> Data:
————

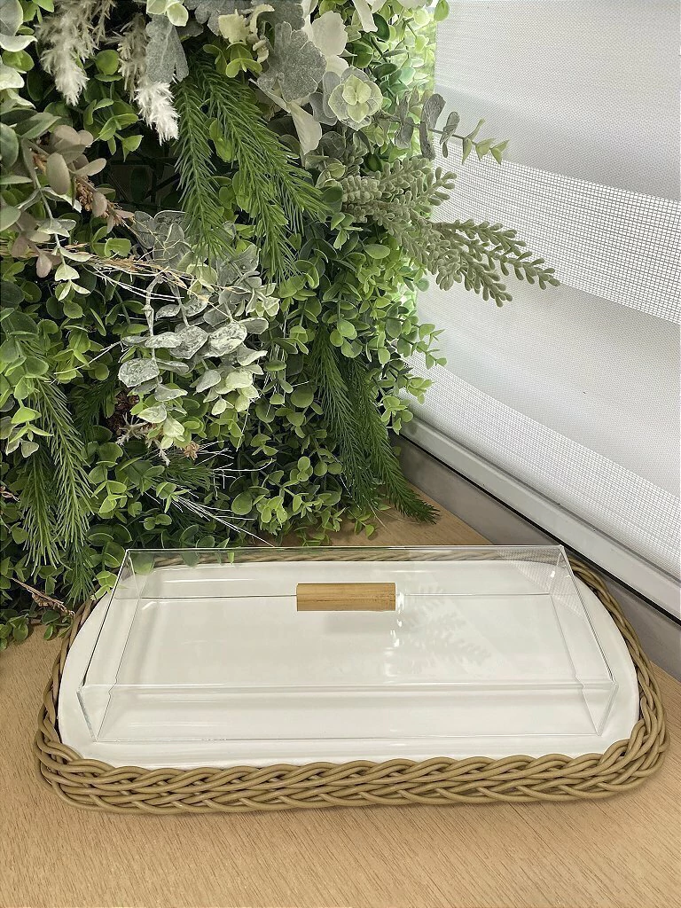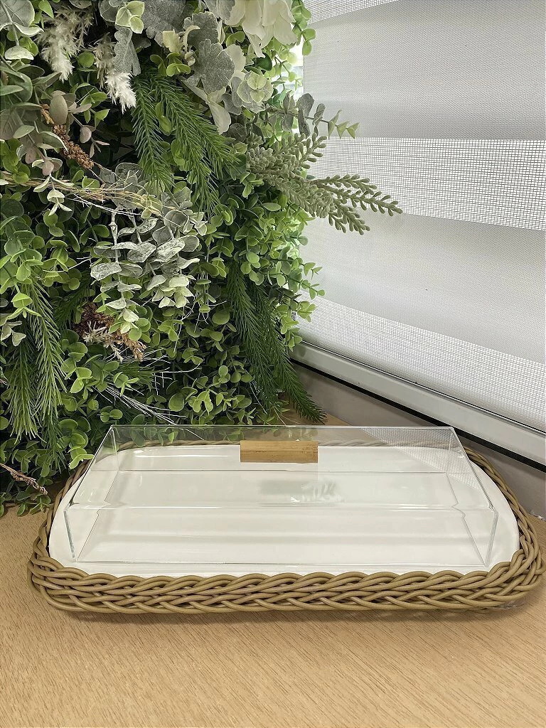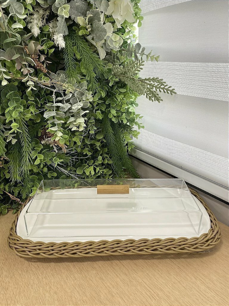 Adicione um toque de requinte natural à sua mesa com esta travessa de cerâmica retangular com detalhes em vime, tampa de acrílico e puxador de bambu. Uma peça que une funcionalidade, beleza e um toque artesanal encantador.
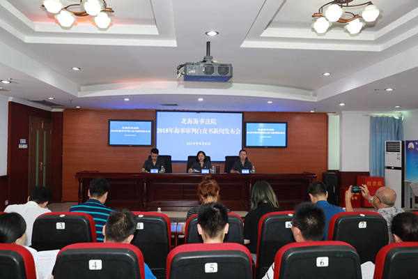 2019年8月8日下午,北海海事法院召开新闻发布会,首次以中英文形式,向社会公开发布2018年度海事审判白皮书。发布会上,该院党组成员、副院长马晓岚通报海事审判白皮书的总体情况,并重点介绍北海海事法院2018年审判情况和审判执行工作中发现的问题及建议,审判管理办公室主任陆英涛介绍该院2018年度十大案件。发布会由该院研究室主任赵波主持。部分海事行政部门、金融保险机构、律师事务所及新闻媒体等单位应邀参加了本次新闻发布会。
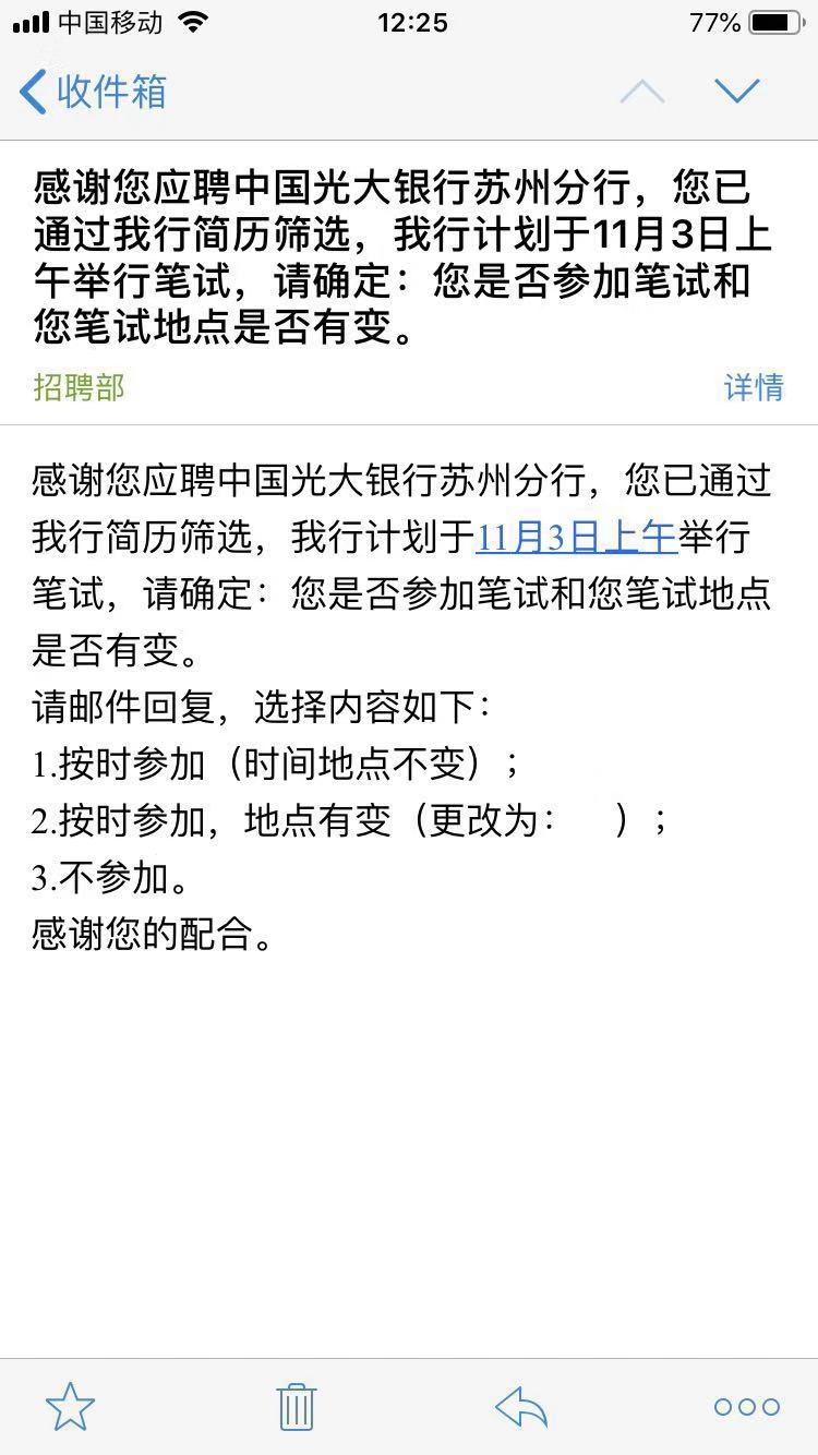 [江蘇]2019年光大銀行蘇州分行校園招聘筆試通知

————

> Task brief:
In your copy, leave out the pictures and reproduce the material above exactly.

> Reply:
 Adicione um toque de requinte natural à sua mesa com esta travessa de cerâmica retangular com detalhes em vime, tampa de acrílico e puxador de bambu. Uma peça que une funcionalidade, beleza e um toque artesanal encantador.
 2019年8月8日下午,北海海事法院召开新闻发布会,首次以中英文形式,向社会公开发布2018年度海事审判白皮书。发布会上,该院党组成员、副院长马晓岚通报海事审判白皮书的总体情况,并重点介绍北海海事法院2018年审判情况和审判执行工作中发现的问题及建议,审判管理办公室主任陆英涛介绍该院2018年度十大案件。发布会由该院研究室主任赵波主持。部分海事行政部门、金融保险机构、律师事务所及新闻媒体等单位应邀参加了本次新闻发布会。
 [江蘇]2019年光大銀行蘇州分行校園招聘筆試通知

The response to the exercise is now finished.